Métodos que usan el muestreo embrionario Los métodos de la presente descripción usan muestreo embrionario para contribuir a las actividades de mejoramiento del germoplasma que incluyen, pero no se limitan a: economización de programas de haploide doble al seleccionar solo embriones preferidos para duplicación, análisis de haploide y material de haploide doble para características genotípicas, integración y evaluación de rasgos y cultivo asistido por marcadores.
Las plantas haploide doble (DH, por sus siglas en inglés) proporcionan una herramienta individual para cultivadores de plantas, particularmente para generar líneas puras. Se ahorra mucho tiempo cuando las líneas homocigóticas se generan, esencialmente, instantáneamente, al negar la necesidad de cultivo convencional multigeneracional.

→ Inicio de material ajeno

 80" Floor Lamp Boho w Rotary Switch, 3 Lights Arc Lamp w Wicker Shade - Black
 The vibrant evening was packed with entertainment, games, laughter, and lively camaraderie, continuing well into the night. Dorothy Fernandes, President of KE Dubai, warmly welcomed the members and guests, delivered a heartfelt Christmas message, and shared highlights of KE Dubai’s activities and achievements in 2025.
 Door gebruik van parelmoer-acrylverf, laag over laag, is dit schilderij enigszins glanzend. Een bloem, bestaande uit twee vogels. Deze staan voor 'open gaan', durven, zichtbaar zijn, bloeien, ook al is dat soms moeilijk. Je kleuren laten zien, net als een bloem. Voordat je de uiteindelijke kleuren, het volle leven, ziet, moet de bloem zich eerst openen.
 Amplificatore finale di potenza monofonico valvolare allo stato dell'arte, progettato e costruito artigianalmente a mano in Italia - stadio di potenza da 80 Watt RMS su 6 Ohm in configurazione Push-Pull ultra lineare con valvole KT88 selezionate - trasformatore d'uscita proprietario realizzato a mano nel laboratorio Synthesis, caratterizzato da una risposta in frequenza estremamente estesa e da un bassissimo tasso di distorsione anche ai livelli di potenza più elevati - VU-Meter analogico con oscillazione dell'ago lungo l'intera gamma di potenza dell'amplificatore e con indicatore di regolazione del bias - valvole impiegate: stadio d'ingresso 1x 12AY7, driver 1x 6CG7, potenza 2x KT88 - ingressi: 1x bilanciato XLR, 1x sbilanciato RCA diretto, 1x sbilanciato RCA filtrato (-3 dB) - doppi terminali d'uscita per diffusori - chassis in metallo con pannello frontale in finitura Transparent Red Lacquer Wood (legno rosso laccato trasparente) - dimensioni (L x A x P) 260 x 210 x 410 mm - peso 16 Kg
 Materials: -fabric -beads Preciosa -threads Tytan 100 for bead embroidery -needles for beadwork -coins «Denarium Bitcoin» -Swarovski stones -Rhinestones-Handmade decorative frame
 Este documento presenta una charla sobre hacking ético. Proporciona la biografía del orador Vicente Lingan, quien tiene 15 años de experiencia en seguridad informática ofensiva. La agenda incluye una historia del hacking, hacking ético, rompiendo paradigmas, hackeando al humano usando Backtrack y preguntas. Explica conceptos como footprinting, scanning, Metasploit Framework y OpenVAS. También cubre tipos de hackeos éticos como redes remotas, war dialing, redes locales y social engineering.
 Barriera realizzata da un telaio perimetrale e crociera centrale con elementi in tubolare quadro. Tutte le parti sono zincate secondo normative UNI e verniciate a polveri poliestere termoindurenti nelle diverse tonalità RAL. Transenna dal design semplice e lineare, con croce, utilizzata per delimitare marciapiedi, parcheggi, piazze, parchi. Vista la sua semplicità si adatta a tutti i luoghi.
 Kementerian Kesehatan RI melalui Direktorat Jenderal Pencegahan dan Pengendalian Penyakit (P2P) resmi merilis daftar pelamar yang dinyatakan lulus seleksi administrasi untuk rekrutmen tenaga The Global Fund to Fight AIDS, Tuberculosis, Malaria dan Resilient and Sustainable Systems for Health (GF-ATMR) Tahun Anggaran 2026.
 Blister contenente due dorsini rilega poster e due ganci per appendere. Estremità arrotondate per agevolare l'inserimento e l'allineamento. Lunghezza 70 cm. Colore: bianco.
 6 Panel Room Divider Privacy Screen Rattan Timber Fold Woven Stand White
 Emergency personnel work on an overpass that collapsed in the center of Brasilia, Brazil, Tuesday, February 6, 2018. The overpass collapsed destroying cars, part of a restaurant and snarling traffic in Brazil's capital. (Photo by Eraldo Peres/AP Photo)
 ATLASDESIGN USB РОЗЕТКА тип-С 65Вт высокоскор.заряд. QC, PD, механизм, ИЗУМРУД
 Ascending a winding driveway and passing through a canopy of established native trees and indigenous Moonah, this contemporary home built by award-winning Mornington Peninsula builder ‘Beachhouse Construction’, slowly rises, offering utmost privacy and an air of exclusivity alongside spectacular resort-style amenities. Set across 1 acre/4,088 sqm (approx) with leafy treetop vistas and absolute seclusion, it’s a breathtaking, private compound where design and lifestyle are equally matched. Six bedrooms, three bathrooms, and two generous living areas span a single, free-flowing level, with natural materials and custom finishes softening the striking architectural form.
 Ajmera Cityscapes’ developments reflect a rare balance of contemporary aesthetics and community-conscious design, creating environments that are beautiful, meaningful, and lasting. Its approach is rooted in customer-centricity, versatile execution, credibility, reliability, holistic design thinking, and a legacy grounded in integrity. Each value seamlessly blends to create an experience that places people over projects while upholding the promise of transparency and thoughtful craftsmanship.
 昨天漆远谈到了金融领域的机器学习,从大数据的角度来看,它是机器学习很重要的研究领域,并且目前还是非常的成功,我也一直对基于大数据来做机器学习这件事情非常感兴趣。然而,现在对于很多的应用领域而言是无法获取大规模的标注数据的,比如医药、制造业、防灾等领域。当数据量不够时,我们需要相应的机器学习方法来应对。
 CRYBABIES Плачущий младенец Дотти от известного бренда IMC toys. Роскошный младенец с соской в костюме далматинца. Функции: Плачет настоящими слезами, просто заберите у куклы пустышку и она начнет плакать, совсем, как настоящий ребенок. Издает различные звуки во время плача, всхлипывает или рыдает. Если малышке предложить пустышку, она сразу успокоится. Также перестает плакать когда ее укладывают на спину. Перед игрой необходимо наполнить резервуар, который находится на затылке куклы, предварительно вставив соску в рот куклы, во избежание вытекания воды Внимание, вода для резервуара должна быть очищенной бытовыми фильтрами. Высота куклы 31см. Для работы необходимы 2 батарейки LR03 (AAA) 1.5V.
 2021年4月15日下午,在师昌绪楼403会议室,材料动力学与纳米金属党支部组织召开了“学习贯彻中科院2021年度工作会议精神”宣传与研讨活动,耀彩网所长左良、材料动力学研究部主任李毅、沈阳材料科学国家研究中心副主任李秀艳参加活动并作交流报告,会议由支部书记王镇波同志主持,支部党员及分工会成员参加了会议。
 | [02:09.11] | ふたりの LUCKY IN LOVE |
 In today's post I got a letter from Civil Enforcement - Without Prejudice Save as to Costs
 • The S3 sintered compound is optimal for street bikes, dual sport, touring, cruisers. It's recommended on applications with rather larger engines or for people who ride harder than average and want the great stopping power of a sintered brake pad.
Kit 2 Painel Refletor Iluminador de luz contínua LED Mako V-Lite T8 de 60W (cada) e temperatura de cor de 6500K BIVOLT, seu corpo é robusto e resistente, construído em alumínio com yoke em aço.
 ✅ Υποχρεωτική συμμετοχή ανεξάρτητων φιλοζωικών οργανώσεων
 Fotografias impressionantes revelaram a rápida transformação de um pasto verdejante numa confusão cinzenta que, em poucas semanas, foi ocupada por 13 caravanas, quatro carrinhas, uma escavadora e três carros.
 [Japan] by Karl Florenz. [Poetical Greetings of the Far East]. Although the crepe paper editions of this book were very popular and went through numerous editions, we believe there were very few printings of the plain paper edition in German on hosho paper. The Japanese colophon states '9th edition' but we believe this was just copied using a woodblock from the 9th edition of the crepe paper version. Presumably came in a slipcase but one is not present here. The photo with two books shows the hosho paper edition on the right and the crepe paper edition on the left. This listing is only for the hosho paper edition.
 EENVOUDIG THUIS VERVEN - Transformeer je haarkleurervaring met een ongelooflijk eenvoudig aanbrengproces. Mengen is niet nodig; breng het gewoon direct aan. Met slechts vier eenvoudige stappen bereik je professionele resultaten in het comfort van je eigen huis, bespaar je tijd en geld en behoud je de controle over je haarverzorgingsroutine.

Sin embargo, se conoce en la materia que el proceso de producción de DH es ineficiente y puede demandar una labor intensa. Si bien las plantas haploide doble pueden ocurrir, espontáneamente, en la naturaleza, esto es, extremadamente, raro. La mayoría de investigaciones y aplicaciones de cultivo se basan en métodos artificiales de producción de DH. La etapa inicial implica la haploidización de la planta que resulta en la producción de una población que comprende semillas haploides. Las líneas no homocigóticas se cruzan con un progenitor inductor que resulta en la producción de semilla haploide. La semilla que tiene un embrión haploide, pero un endosperma triploide normal, avanza a la segunda etapa. Es decir, las plantas y semilla haploides son cualquier planta con un embrión haploide, independiente del nivel de ploidía de la endosperma. Después de seleccionar las semillas haploides de la población, las semillas seleccionadas experimentan una duplicación de cromosomas para producir semillas haploide doble. Una duplicación cromosomática espontánea en un linaje celular llevará a la producción de gameto normal o la producción de gametos no reducidos de linajes celulares haploides. La aplicación de un compuesto químico, tal como colquicina puede usarse para incrementar la velocidad de diploidización. La colquicina se une al tubulín y previene su polimerización en microtúbulos, de esta manera detiene la mitosis en la metafase y puede usarse para incrementar la velocidad de diploidización, es decir, la duplicación de la cantidad de cromosomas. Estas plantas quiméricas se autopolinizan para producir semillas diploides (haploide doble). Esta semilla DH se cultiva y evalúa, posteriormente, y se usa en la producción de retrocruzamiento híbrido.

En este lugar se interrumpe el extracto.